Karya ini diterbitkan atas izin NovelToon wiwit rthnawati, isi konten hanyalah pandangan pribadi pembuatnya, tidak mewakili NovelToon sendiri
penjelasan
"Cukup mas. Cukup. Tak perlu mas jelaskan apapun, semuanya sudah jelas. Jadi mari kita kembali pada kesepakatan kita, dan kita kembali pada jalan kita masing-masing."
"May please dengarkan aku. Aku mohon dengarkan penjelasanku. Aku sangat mencintaimu may. Aku tak ingin berpisah denganmu." Ia terduduk dihadapanku. Wajahnya terlihat memelas membuatku tak tahan akan itu.

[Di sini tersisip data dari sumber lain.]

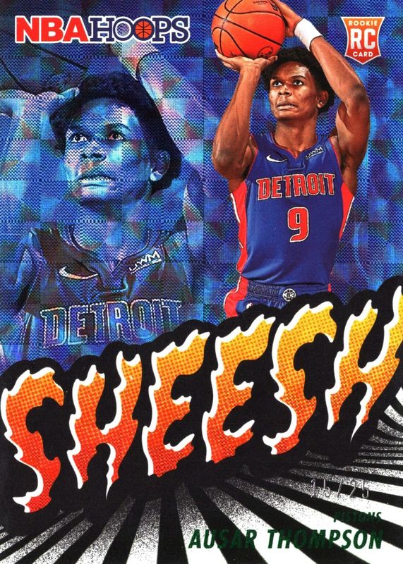 The Ausar Thompson 2023 Hoops #14 Sheesh - Hyper Green /25 Rookie card in Raw condition has not changed in price in the last 30 days and was last sold for $11.25 .

"Harus bagaimana aku mengatakannya may? Apa aku harus mati dulu agar kamu mau mendengar penjelasanku?" Matanya terlihat memerah dan berkaca.
Aku ikut terduduk didepannya. Air mataku kembali berderai. Aku benar-benar capek sekarang.

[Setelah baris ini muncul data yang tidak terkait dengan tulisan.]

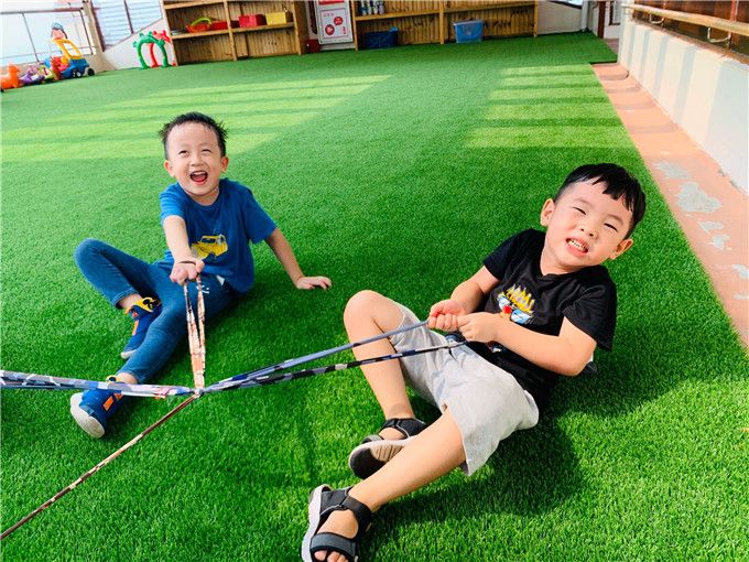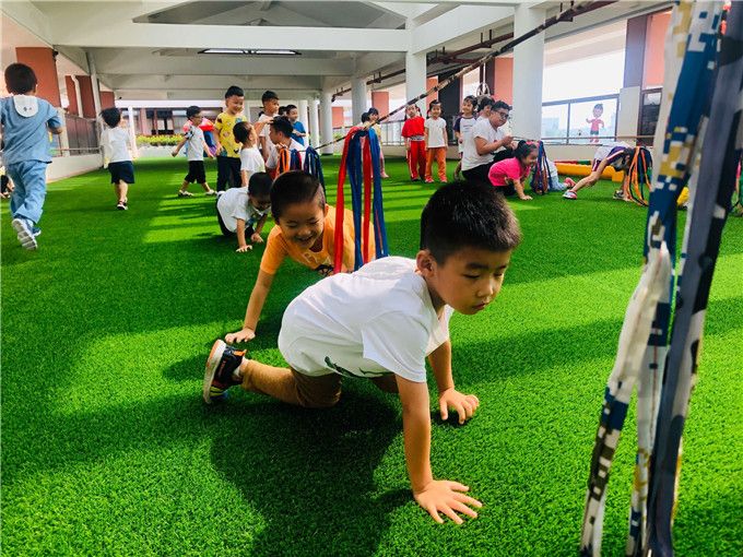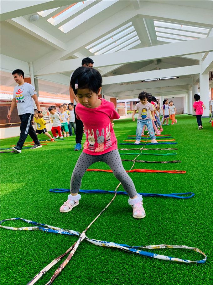 接下来,让我们看看宝贝们化身小勇士,如何玩转彩色绳索!

"Mas, apa kamu tahu jika perkataanmu itu sangat menyakitiku?" Aku menatapnya.
"Perkataanmu hanya menyiksaku mas. Kamu bilang kamu mencintaiku, tapi kamu juga menyakitiku dengan mencintai mbak ana. Aku capek mas. Aku lelah. Kamu mengatakan apa tapi yang kamu lakukan berbanding terbalik dengan itu. Aku cape mas." Aku tberbicara dengan linangan air mata dipipiku.
"Sayang, aku tidak mencintai ana. Yang aku cintai hanya dirimu. Aku minta maaf sudah menyakitimu, tapi bukan maksudku menyakitimu. Aku terpaksa melakukan semua ini. Aku benar-benar tidak berdaya." Ia membingkai wajahku dan menatap mataku dalam.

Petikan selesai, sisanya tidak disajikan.